WORK REQUIRED –
Lines to restate from the data below: from the one containing "1.服裝行業(yè):超聲波" to the one containing "Here's my quick", both included. Give them again exactly, and only them.

SUPPLIED DATA –
============
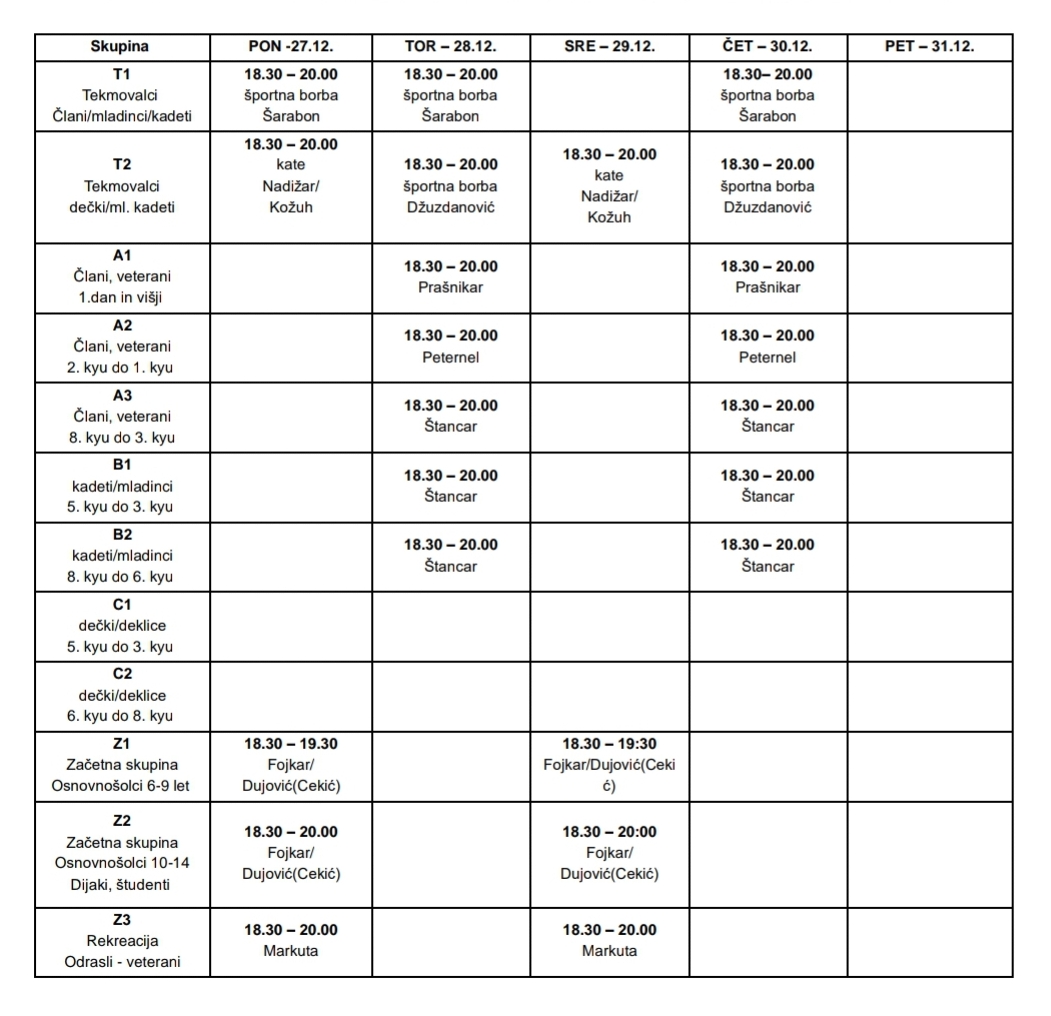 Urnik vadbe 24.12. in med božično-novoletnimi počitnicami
============
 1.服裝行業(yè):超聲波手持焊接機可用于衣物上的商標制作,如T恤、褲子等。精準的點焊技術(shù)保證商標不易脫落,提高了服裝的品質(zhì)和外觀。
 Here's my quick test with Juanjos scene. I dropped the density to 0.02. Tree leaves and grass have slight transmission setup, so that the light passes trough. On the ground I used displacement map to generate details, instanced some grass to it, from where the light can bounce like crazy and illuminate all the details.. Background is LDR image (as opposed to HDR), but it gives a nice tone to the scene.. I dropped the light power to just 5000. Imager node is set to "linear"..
============
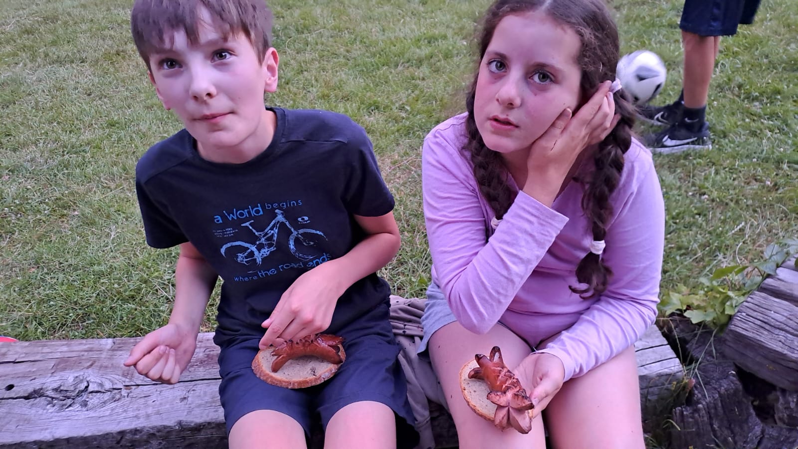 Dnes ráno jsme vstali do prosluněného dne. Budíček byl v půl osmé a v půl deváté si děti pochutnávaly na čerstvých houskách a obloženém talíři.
============
RESULT FOR THIS EXERCISE –
 1.服裝行業(yè):超聲波手持焊接機可用于衣物上的商標制作,如T恤、褲子等。精準的點焊技術(shù)保證商標不易脫落,提高了服裝的品質(zhì)和外觀。
 Here's my quick test with Juanjos scene. I dropped the density to 0.02. Tree leaves and grass have slight transmission setup, so that the light passes trough. On the ground I used displacement map to generate details, instanced some grass to it, from where the light can bounce like crazy and illuminate all the details.. Background is LDR image (as opposed to HDR), but it gives a nice tone to the scene.. I dropped the light power to just 5000. Imager node is set to "linear"..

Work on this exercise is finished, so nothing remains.